-------- Source data --------

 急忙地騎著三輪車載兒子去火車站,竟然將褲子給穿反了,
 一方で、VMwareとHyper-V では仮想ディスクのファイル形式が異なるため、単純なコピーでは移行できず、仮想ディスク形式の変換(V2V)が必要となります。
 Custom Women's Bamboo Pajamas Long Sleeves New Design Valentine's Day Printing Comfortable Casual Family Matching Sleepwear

--------
-------- Source data --------

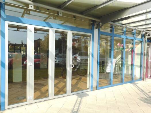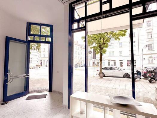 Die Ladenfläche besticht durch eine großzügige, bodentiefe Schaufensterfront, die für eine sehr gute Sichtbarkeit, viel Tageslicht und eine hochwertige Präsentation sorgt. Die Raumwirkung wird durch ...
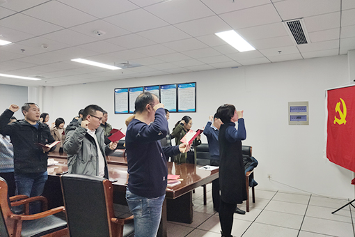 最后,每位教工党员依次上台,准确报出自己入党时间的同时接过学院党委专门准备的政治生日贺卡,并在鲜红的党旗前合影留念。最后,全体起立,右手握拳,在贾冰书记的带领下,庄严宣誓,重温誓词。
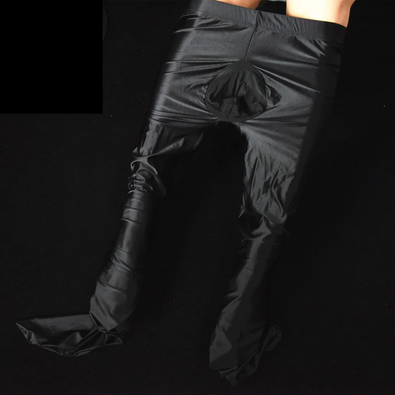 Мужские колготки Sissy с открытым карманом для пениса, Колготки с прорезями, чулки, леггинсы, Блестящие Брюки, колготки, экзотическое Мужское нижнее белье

--------
-------- Source data --------

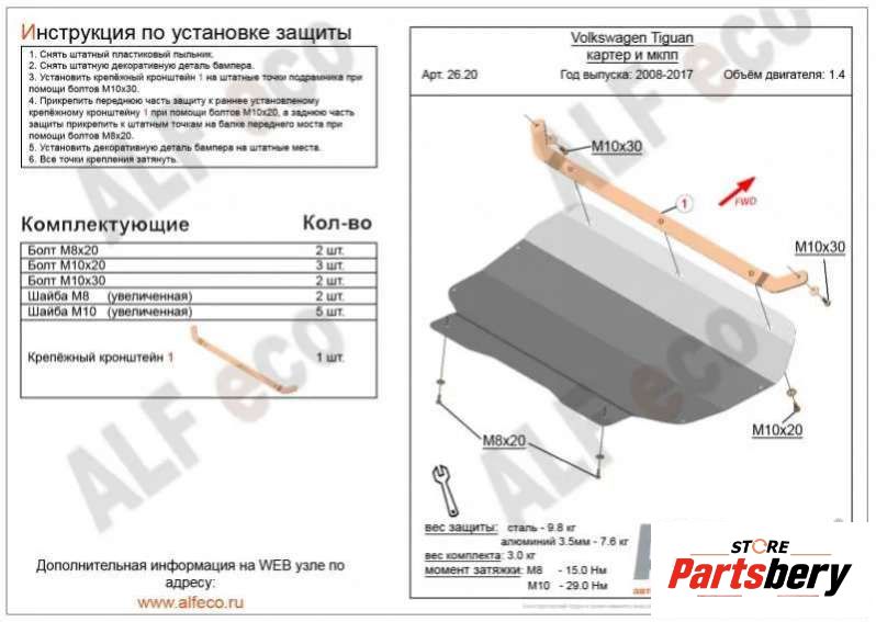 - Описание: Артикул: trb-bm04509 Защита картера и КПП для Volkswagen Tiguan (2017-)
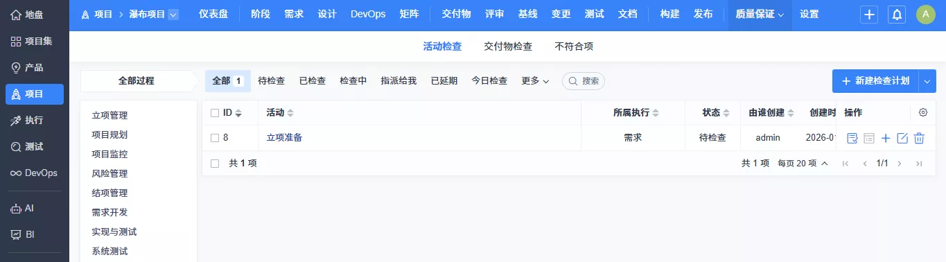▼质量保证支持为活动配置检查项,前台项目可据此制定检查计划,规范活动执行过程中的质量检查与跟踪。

--------

What is required: Nothing but the lines from the one containing "Die Ladenfläche besticht" through the one containing "Мужские колготки Sissy" should appear, copied exactly from the material above and without pictures.

Answer section:
 Die Ladenfläche besticht durch eine großzügige, bodentiefe Schaufensterfront, die für eine sehr gute Sichtbarkeit, viel Tageslicht und eine hochwertige Präsentation sorgt. Die Raumwirkung wird durch ...
 最后,每位教工党员依次上台,准确报出自己入党时间的同时接过学院党委专门准备的政治生日贺卡,并在鲜红的党旗前合影留念。最后,全体起立,右手握拳,在贾冰书记的带领下,庄严宣誓,重温誓词。
 Мужские колготки Sissy с открытым карманом для пениса, Колготки с прорезями, чулки, леггинсы, Блестящие Брюки, колготки, экзотическое Мужское нижнее белье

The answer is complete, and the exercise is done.